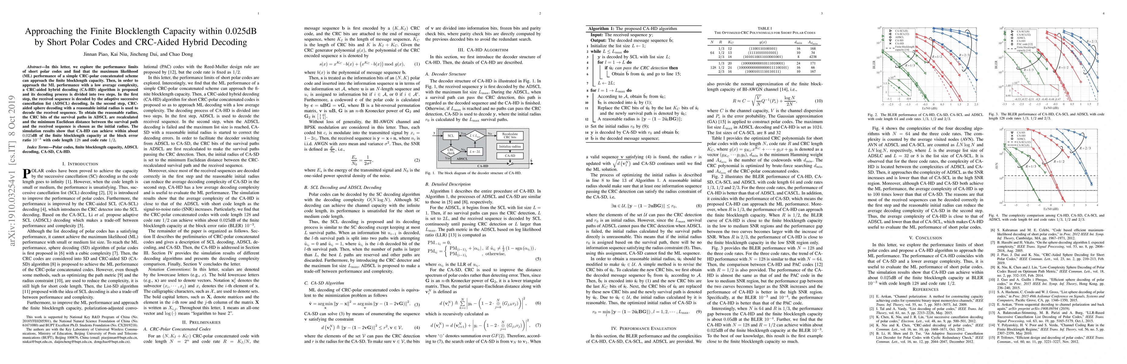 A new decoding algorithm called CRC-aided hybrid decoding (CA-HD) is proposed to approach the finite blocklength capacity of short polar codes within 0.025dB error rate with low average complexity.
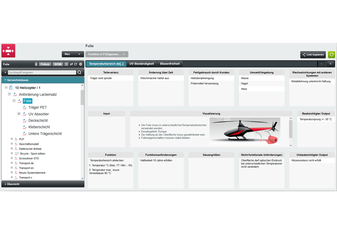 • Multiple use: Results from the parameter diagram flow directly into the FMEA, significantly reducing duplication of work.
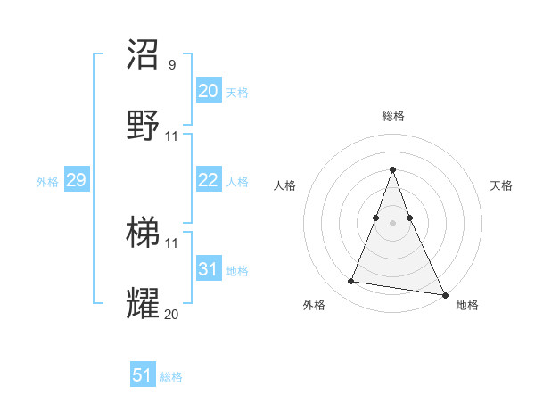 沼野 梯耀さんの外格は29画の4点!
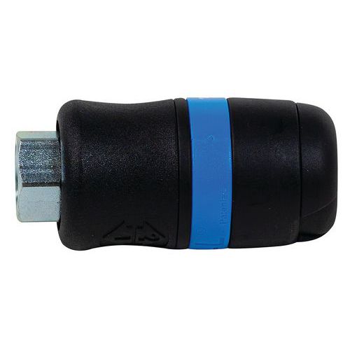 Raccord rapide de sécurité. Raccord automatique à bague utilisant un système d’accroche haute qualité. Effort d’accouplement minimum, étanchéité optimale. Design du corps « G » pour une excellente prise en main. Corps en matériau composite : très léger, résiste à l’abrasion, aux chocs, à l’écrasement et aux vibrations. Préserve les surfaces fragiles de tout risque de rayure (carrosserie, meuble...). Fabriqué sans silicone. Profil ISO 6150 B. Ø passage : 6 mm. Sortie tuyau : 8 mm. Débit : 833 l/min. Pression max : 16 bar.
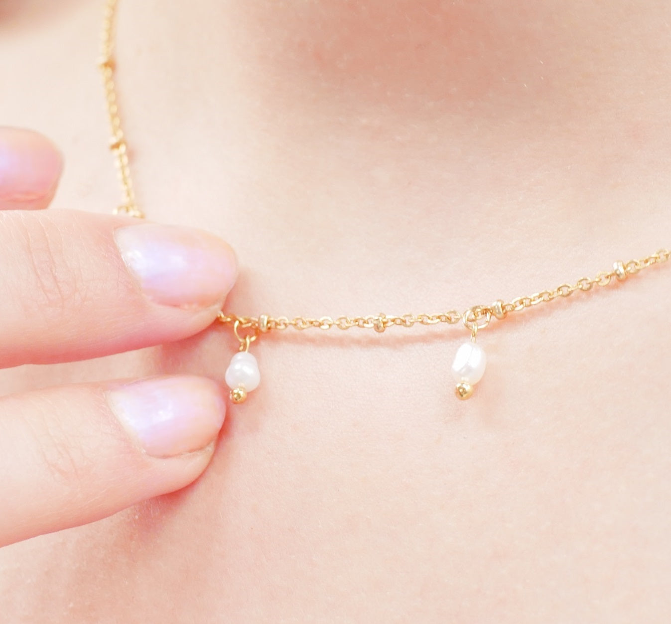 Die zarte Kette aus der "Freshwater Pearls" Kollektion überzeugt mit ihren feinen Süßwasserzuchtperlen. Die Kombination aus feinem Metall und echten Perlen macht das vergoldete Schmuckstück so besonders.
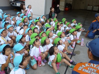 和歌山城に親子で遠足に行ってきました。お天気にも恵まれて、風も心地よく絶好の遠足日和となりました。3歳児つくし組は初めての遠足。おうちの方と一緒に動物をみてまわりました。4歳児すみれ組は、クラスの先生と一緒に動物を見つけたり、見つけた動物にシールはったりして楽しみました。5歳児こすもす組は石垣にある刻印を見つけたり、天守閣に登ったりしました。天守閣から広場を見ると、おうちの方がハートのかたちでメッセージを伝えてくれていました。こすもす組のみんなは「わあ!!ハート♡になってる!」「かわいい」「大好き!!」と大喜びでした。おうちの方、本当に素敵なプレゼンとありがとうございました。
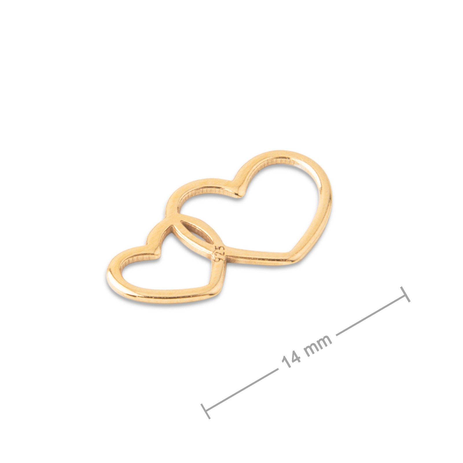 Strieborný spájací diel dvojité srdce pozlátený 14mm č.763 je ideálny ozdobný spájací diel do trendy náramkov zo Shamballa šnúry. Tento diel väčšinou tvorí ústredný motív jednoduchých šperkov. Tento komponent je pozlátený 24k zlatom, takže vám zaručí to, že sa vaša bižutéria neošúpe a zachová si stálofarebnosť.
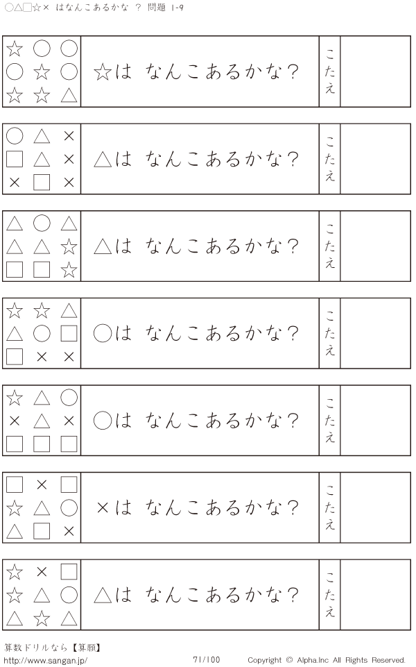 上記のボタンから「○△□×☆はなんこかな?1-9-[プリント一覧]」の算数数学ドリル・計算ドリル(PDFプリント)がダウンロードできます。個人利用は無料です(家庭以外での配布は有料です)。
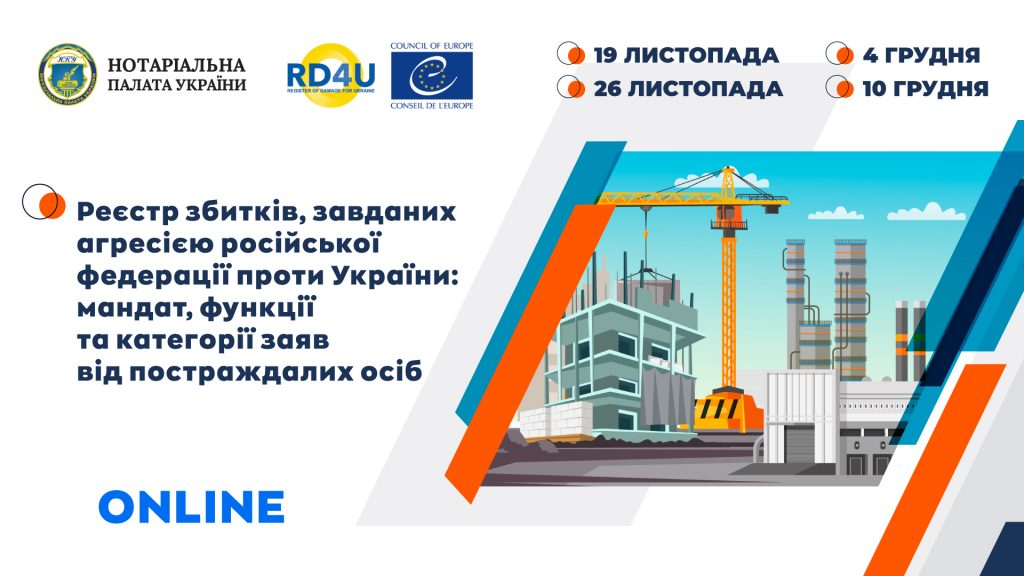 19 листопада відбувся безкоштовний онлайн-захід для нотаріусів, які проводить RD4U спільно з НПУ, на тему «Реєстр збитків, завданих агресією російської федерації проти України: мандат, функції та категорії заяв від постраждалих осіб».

☆ ☆ ☆

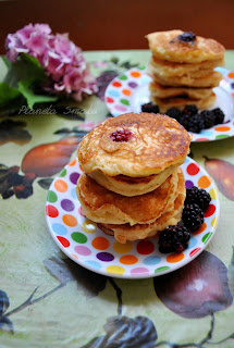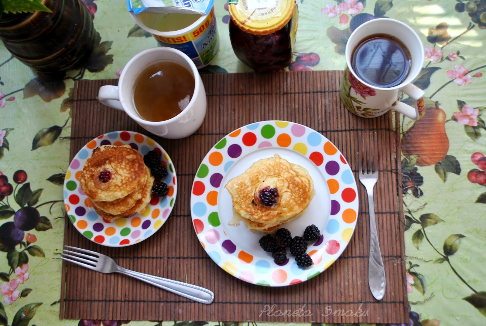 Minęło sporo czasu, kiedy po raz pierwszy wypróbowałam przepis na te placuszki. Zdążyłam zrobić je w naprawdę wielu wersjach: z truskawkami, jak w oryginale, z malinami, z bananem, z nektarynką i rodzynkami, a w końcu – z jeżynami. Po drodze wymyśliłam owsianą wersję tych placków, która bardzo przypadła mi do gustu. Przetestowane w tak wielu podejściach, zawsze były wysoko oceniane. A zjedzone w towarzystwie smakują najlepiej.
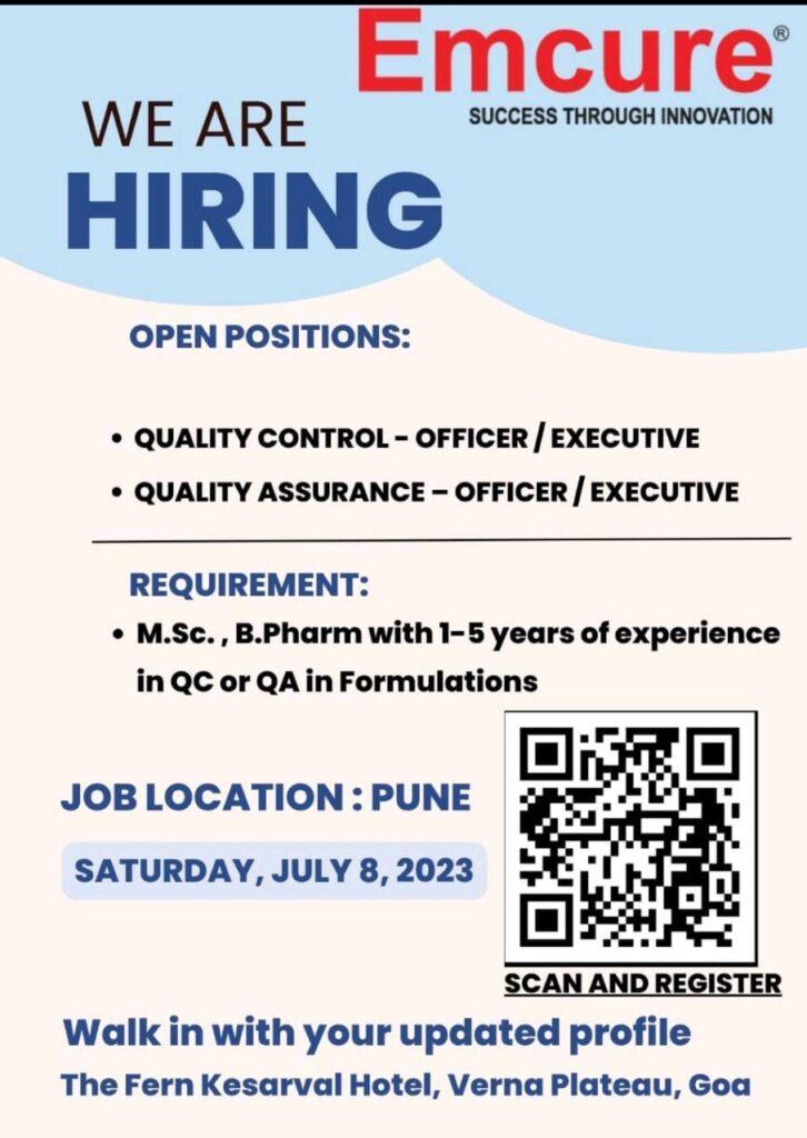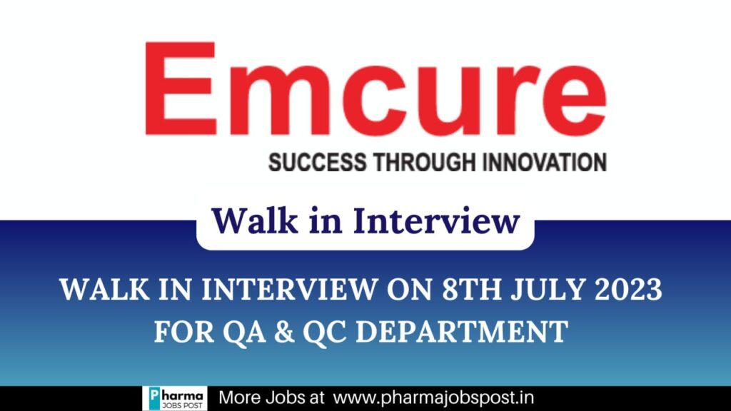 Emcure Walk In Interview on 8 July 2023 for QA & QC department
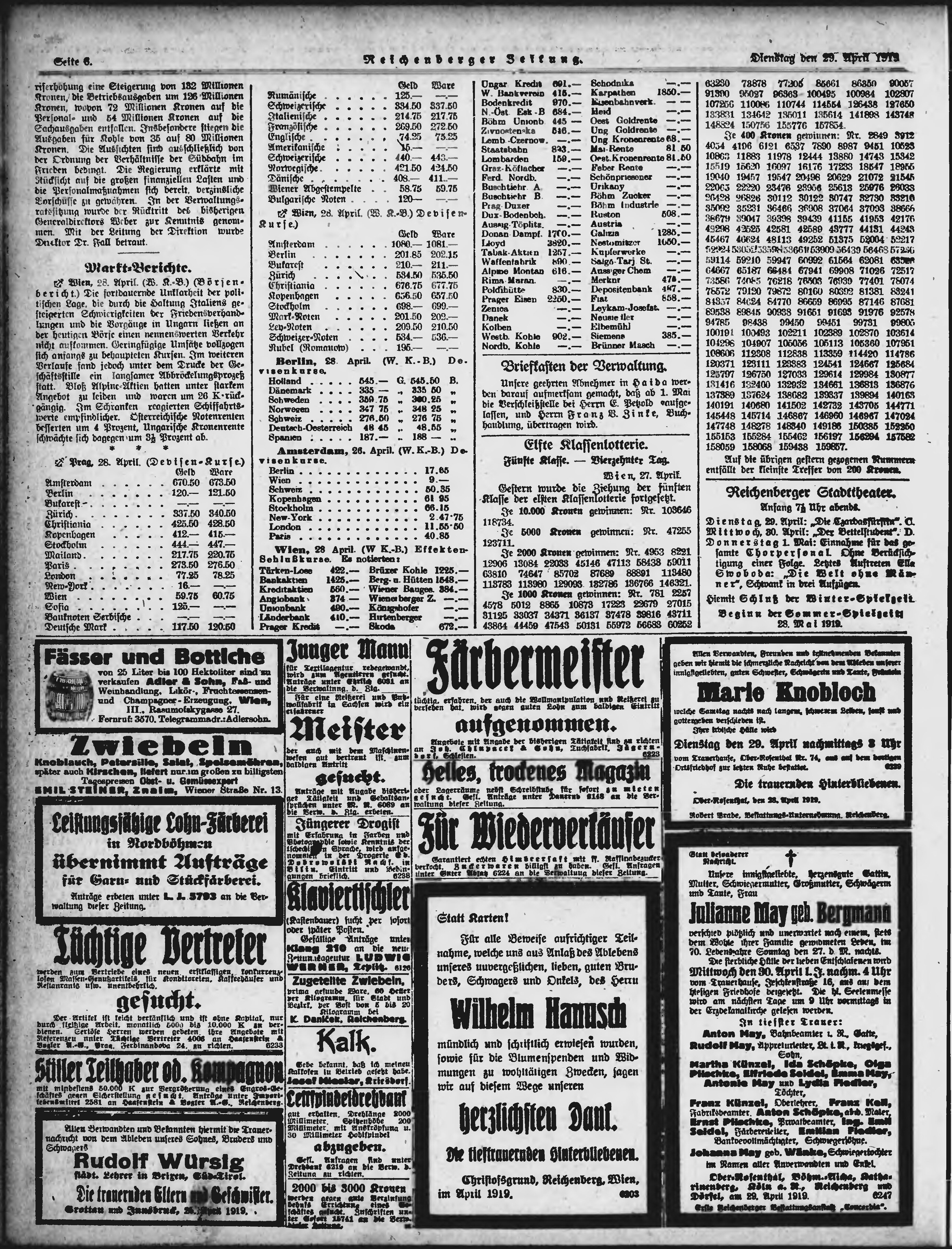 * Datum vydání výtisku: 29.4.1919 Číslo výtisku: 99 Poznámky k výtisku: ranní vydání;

☆ ☆ ☆

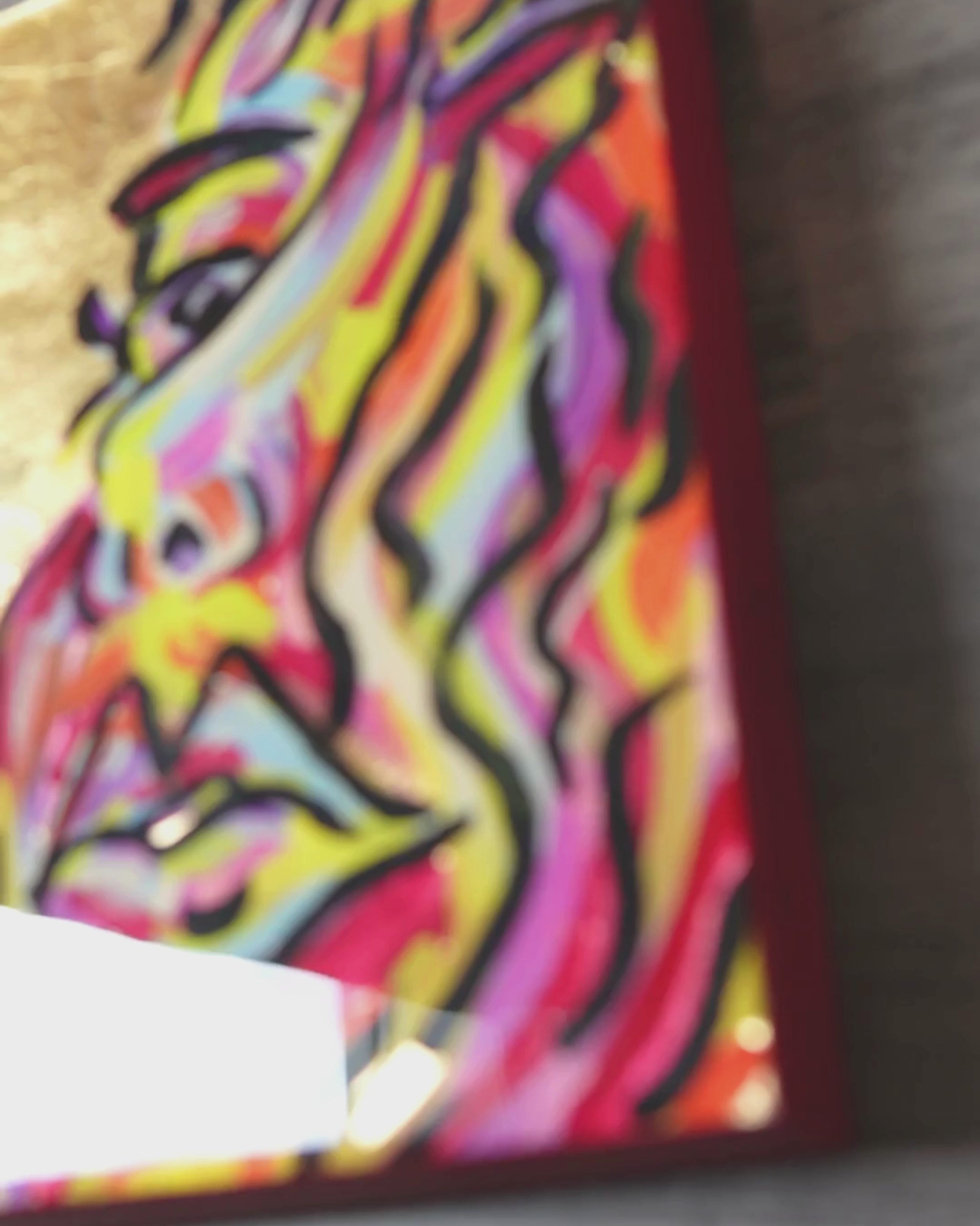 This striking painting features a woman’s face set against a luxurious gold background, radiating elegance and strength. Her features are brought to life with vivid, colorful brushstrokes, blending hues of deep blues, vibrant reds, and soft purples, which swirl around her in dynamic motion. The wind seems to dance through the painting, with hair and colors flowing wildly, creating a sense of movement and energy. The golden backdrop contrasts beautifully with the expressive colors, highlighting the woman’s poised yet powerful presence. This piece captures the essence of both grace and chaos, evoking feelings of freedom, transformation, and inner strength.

☆ ☆ ☆

— Task —
From the data above, retype only the lines starting with the line with "上記のボタンから「○△□×☆" and going on through the line with "19 листопада відбувся", exactly, leaving out the pictures.

— Task output —
 上記のボタンから「○△□×☆はなんこかな?1-9-[プリント一覧]」の算数数学ドリル・計算ドリル(PDFプリント)がダウンロードできます。個人利用は無料です(家庭以外での配布は有料です)。
 19 листопада відбувся безкоштовний онлайн-захід для нотаріусів, які проводить RD4U спільно з НПУ, на тему «Реєстр збитків, завданих агресією російської федерації проти України: мандат, функції та категорії заяв від постраждалих осіб».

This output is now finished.